This sounds dumb I know but isn't 4oz. Half a cup?
_Posted via Mobile Device_


----------



## Chess46 (Jul 5, 2009)

Thank you Cacowgirl! I love words of encouragement. They really do help. I'll post new pics of them on Sunday. That will be one full week of having them.
_Posted via Mobile Device_


----------



## deserthorsewoman (Sep 13, 2011)

Chess46 said:


> This sounds dumb I know but isn't 4oz. Half a cup?
> _Posted via Mobile Device_[/Q
> 4 oz weight, not volume.....now you got me confused* running off weighing flax*... lol. ...


----------



## poppy1356 (Jan 18, 2012)

deserthorsewoman said:


> Chess46 said:
> 
> 
> > This sounds dumb I know but isn't 4oz. Half a cup?
> ...


----------



## Chess46 (Jul 5, 2009)

I have a weight scale as well. Should I use the scale to measure? I just thought 4oz would be a lot by weight.
_Posted via Mobile Device_


----------



## deserthorsewoman (Sep 13, 2011)

It's 2-6 oz/ day. By weight.......which equals...4 oz by weight is about 1/2 cup...had to go weigh.....
So, with your 1/4 cup you're at the minimum suggested


----------



## deserthorsewoman (Sep 13, 2011)

Im still not used to this system......lol grams and milliliters don't leave any questions ;-)


----------



## poppy1356 (Jan 18, 2012)

Lol but not all things that are 4oz will be 1/2 cup. That is where I get confused. 4oz (by weight) of feathers will be a lot more than a 1/2 cup worth... see?


----------



## Chess46 (Jul 5, 2009)

Lol I really hate measuring/weighing!! So 1/4 cup ground would be just fine then?
_Posted via Mobile Device_


----------



## Chess46 (Jul 5, 2009)

Good point poppy! I think I'll just weigh out 2 oz and go from there.
_Posted via Mobile Device_


----------



## poppy1356 (Jan 18, 2012)

I think you measure by volume if it's a liquid but by weight for "dry" matter. BUT then when you use like measuring cups that is different for that dry matter and then measuring glasses. Seriously hate our measuring system. This is why when I actually do cook I don't measure anything because chances are it will be wrong anyway lol.


----------



## Chess46 (Jul 5, 2009)

I agree completely. I like the handful/pinch measurements.
_Posted via Mobile Device_


----------



## deserthorsewoman (Sep 13, 2011)

Just go to metrics...nearly all measuring devices have metric;-)


----------



## Chess46 (Jul 5, 2009)

Hey everyone, here are some update pictures.. 
I feel like they should have gained more weight then they have. The vet has been out to see them and has given them a clean bill of health. He just said they need good groceries. He advised us to put them on a 12% pellet. We now have them on strategy health edge as he said he liked that one. We are also feeding a beet pulp/alfalfa pellet mixture and 4oz. of cool calories a day. They get western t/a hay with feelings too. Please let me know what y'all think. We had them for 3 weeks now. 

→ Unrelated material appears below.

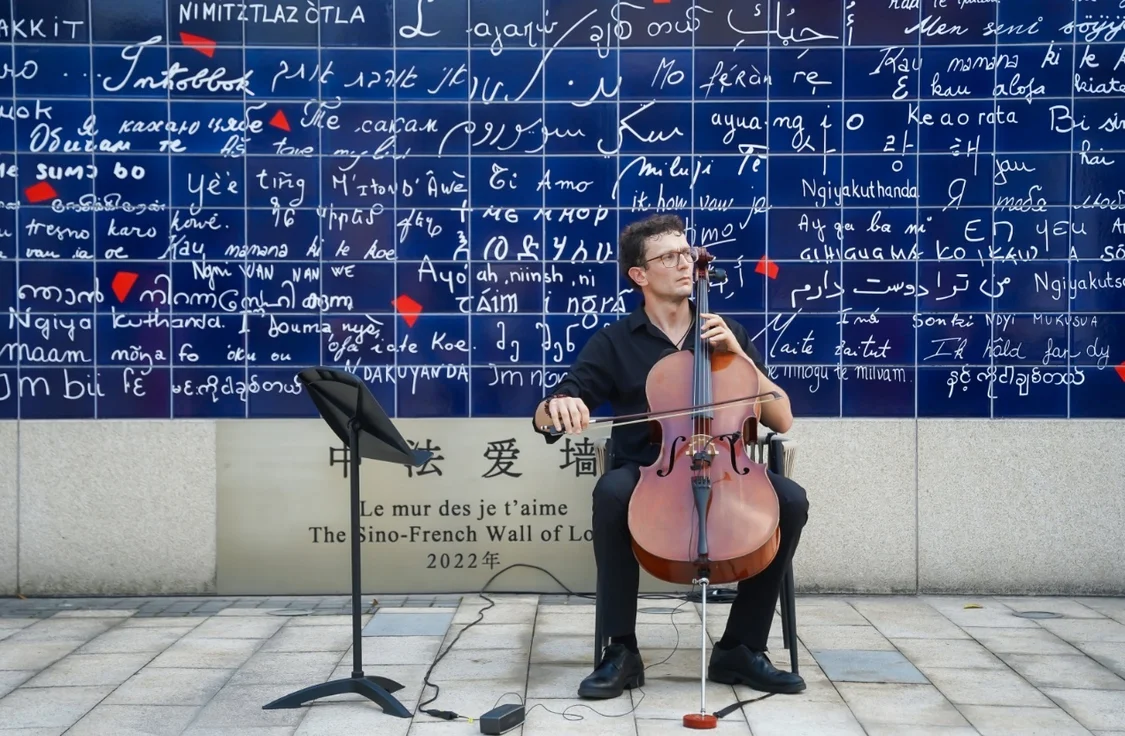 圖說:藝術(shù)家在中法愛墻前表演(蘇州工業(yè)園區(qū)供圖)

_Posted via Mobile Device_


----------



## FaydesMom (Mar 25, 2012)

Looking good, slow and steady is much healthier for them than overloading them too soon. Maybe up their fat content a bit or add some beet pulp to give them a bit of a boost if you think they have hit a lull in gaining. 

It's all about watching and adjusting until you find what works for those particular individual horses. 

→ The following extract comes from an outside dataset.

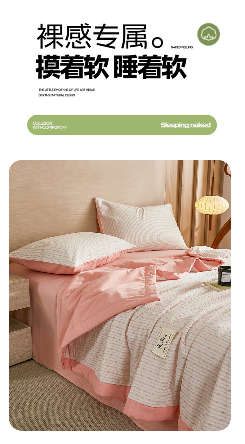 (总)鸣升家纺 2026新款A类全棉水洗棉条纹提花大豆纤维夏被四件套空调被,条纹提花粉,条纹提花灰,条纹提花蓝,条纹提花驼

Please keep us updated, we all love to watch the recovery of neglected horses! :thumbsup:


----------



## deserthorsewoman (Sep 13, 2011)

How much of the Healthy Edge are you feeding, and how much hay divided in how many feedings?
I think you can now go to free choice hay, maybe in slowfeeders, and what the bag suggests for their wanted weight of Healthy Edge. Several small feedings will get better results than a couple of big ones.


----------



## Chess46 (Jul 5, 2009)

We just started them on the healthy edge not even a week ago. We are working them up to the amount for their weights. We feed them two flakes with each feeding. The t/a we have is very stiff and thick and I was afraid to give them anymore. The flakes weight about 5-6lbs each. I have taken everyone's advice and I now weigh everything. We will be getting them a round bale soon. Just waiting on them to eat the grass down. Any more suggestions? They are up to about 2 1/2 lbs of feed twice a day.
_Posted via Mobile Device_


----------



## texasgal (Jul 25, 2008)

Chess, they will feel and act better long before they start putting on the weight. It's good that you are working closely with your vet.

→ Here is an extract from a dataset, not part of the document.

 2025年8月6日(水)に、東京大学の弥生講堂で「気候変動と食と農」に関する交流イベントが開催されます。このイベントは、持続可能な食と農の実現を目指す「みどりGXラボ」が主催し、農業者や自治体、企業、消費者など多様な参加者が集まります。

Again, good on you! Thanks for the pics. They're coming along. It takes a while.


----------



## Chess46 (Jul 5, 2009)

Thanks texasgal! I've just looked at the other posts on this thread with pictures of amazing transformations in just a month. But I also realize that every horse is different.
_Posted via Mobile Device_


----------



## texasgal (Jul 25, 2008)

A lot depends on age and how long they've been down. Slower is better. They repair on the inside and then on the outside. Listen to your vet .. if they are otherwise healthy, it's just a matter of time ...


----------



## barrelbeginner (Jan 31, 2012)

Subbing.. Very Pretty horses! They are lucky to be with you


----------



## Chess46 (Jul 5, 2009)

Thank you barrelbeginner! Your right texasgal. The colt seems to be bouncing back much faster then the mare. I probably already asked this but is there anything we can do to build up the top line on them? I was actually told that a little bit of lunging would help build those muscles.
_Posted via Mobile Device_


----------



## texasgal (Jul 25, 2008)

Exercise will help, but probably not much before gaining some weight. If your vet says it's ok for light exercise, it certainly would be a good thing to get them in the habit of before they are big and strong! Of course, with exercise comes more nutrient needs...

Time, girl. They just need time.


----------



## deserthorsewoman (Sep 13, 2011)

Chess46 said:


> We just started them on the healthy edge not even a week ago. We are working them up to the amount for their weights. We feed them two flakes with each feeding. The t/a we have is very stiff and thick and I was afraid to give them anymore. The flakes weight about 5-6lbs each. I have taken everyone's advice and I now weigh everything. We will be getting them a round bale soon. Just waiting on them to eat the grass down. Any more suggestions? They are up to about 2 1/2 lbs of feed twice a day.
> _Posted via Mobile Device_


The feed is including the beetpulp or only the HE? 
I checked the recommended amounts to feed, guessing their finished weight, of course, and you would give that already with what you currently give. It really doesn't matter what they gain from. Just make sure to not go below the recommended minimum amounts, . With that minimum amount they'll get all vit/mins in the feed, you give less, you should add a supplement. 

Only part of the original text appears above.